I am so tired of seeing so many things hating on any woman who is bigger than the “ideal” size. I am tired of seeing the people who will be mean to any woman who feels confident in their bodies even if the rest of society doesn’t think they live up to today’s beauty standards. It pisses me off to no end when I see a woman who feels beautiful in her wonderful body and then have a random stranger tell them that they shouldn’t. So ya know what? I am a size twenty-two woman and I am not going to take any crap about my size any longer.
Not that it’s any of your business, but I have a medical condition that makes losing weight near impossible. Seriously, I had a doctor tell me point blank that the only way that I would get down to an “ideal” weight would be to starve myself and exercise constantly. And you know what I say to that? Hell no! I am not going to make myself miserable just so random people who I don’t give two cents about won’t be offended. How the hell does my size hurt you? Because you would never want to date me? Good, I wouldn’t want to date a shallow jerk like you anyway. Because you would never want to hang out with me? That’s fantastic, because I wouldn’t be able to stand you constantly putting others down to make yourself feel better. I am a wonderful, kind, funny, compassionate woman and if you judge me solely on my outward appearance then that says a lot about the type of person YOU are.
It pisses me off so much that so many people, not just women, are made to feel like they aren’t good enough because there are so many people out there who think they need to tell them they are overweight. Another person’s weight does not affect you in any way whatsoever. How is them not fitting into your beauty ideals hurting you? Are they sitting on your face? Are they eating your food? How is their appearance hurting you or affecting you in a way that gives you the impression that you have a right to comment on their weight? People get mad when someone comments on a skinny person’s weight and are told they shouldn’t shame them because they wish they looked that good but then turn right around and make fun of a woman who is curvy because she posted a selfie of herself in a bikini. I see the posts saying that she isn’t curvy, she’s fat. They say she needs to put down the cheeseburgers and hit the gym. I see so many trolls hating on her and not one has any right to do so.

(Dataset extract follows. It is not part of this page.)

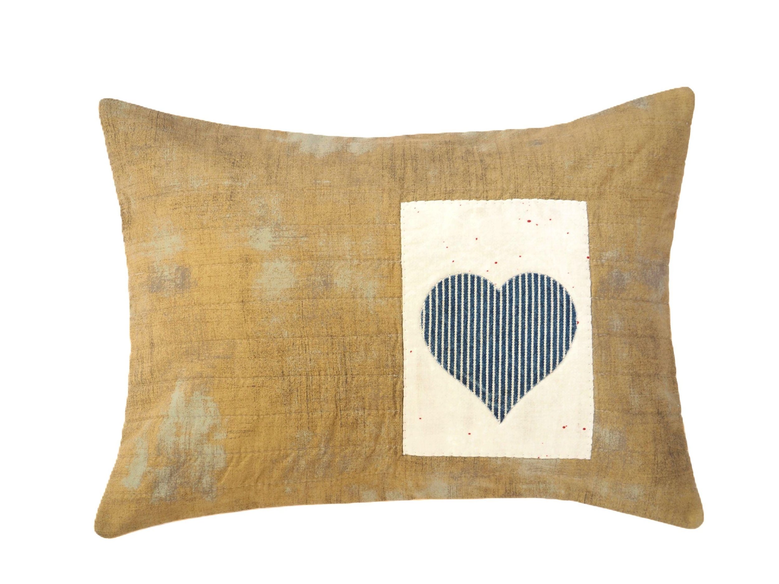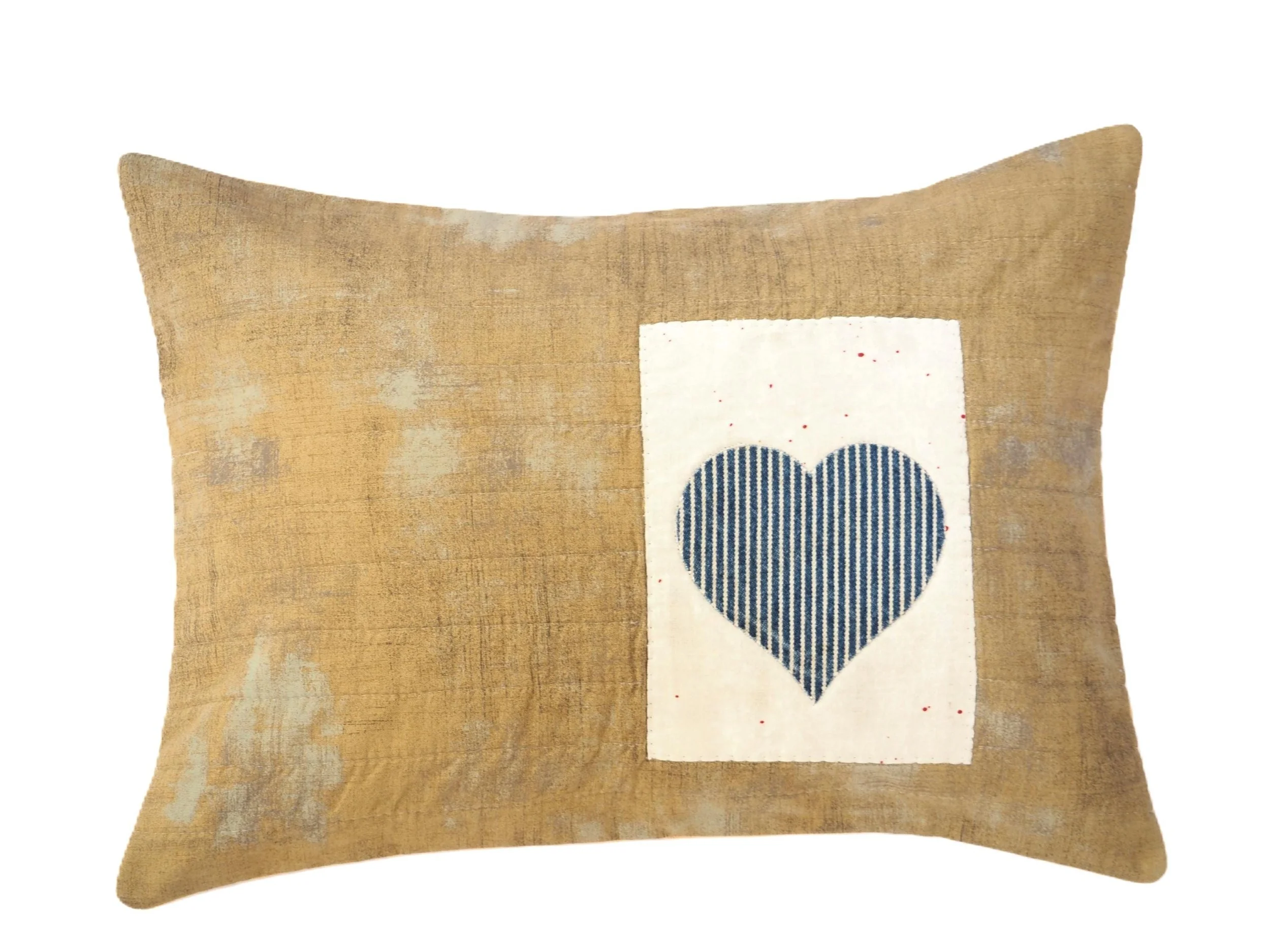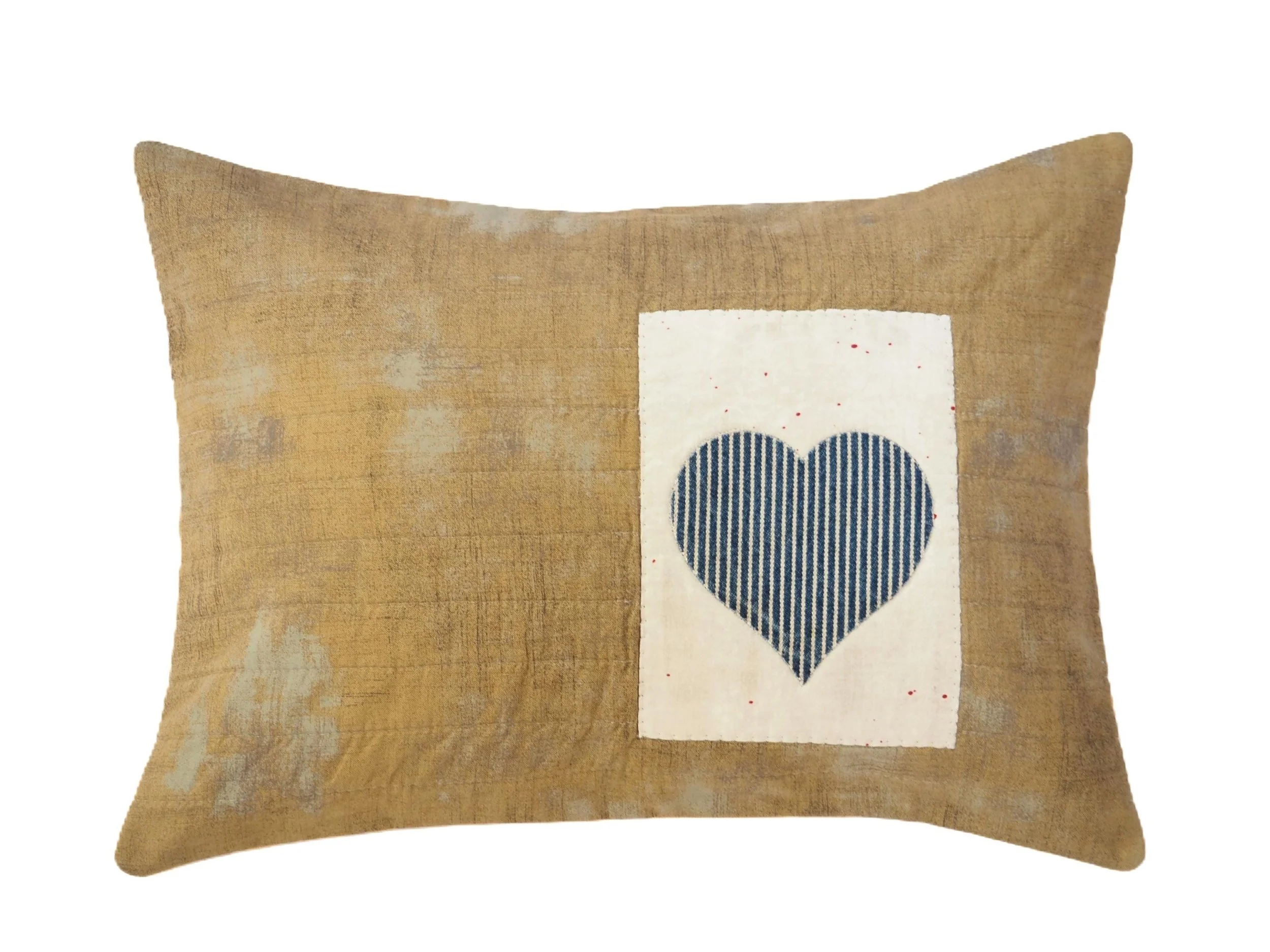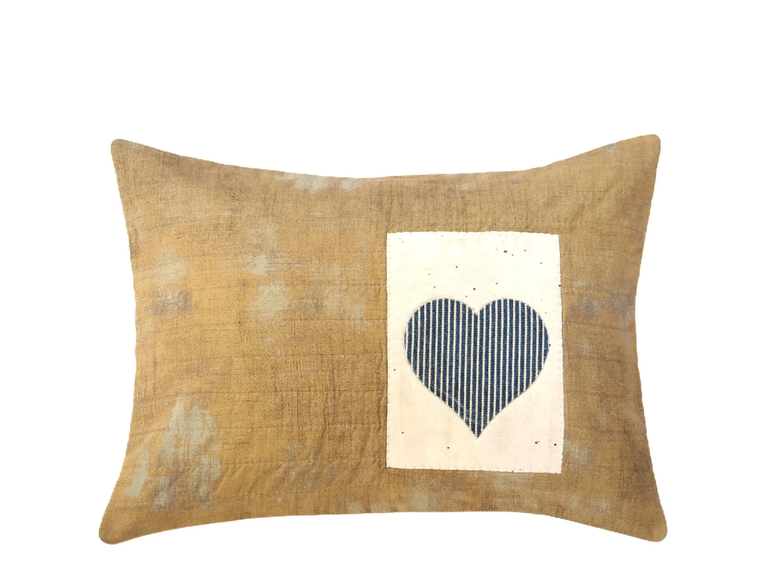 Authentic. Rugged. Heartfelt. This distressed khaki handmade lumbar pillow features a blue and white striped heart applique cut from real railroad stripe overalls used on our family farm. It will add a touch of rustic warmth to your entryway or sofa while bringing a piece of genuine American farm history into your home.

I have been this weight for a while and I don’t eat a ton of junk food or fast food. I may not eat as healthy as I should, but I also only eat about once or twice a day. I have spent so many hours crying over my weight, I have cried in dressing rooms because the cute clothes I brought in don’t fit how I want or I don’t like how they look on me. I have gone days without eating because I was so depressed about my weight. Because of the mean things people who don’t know me have said I have felt that I am not good enough to live. Well, no more! I am so tired of feeling ugly because of my size, of feeling like no one will ever want me because of the hateful words other people spew at me. I am a beautiful, funny, smart, kind, full figured woman and anyone who wants to tell me difference because they are offended by my weight will get a smile and a single finger salute. The size of my clothes and number on the scale does NOT determine who I am as a person. This goes for everyone out there, male, female, and everything in between. You are a beautiful, wonderful, kind individual who can do anything you want. Wear whatever makes you happy, eat whatever you want, be whoever you want to be, and don’t let ANYONE tell you differently. And if you do want to lose the weight, be sure that you do it for YOU and not because you think you need to. I am a size twenty-two woman and I am not going to apologize for it. And if my size does offend you then you can just bite my full-figured ass.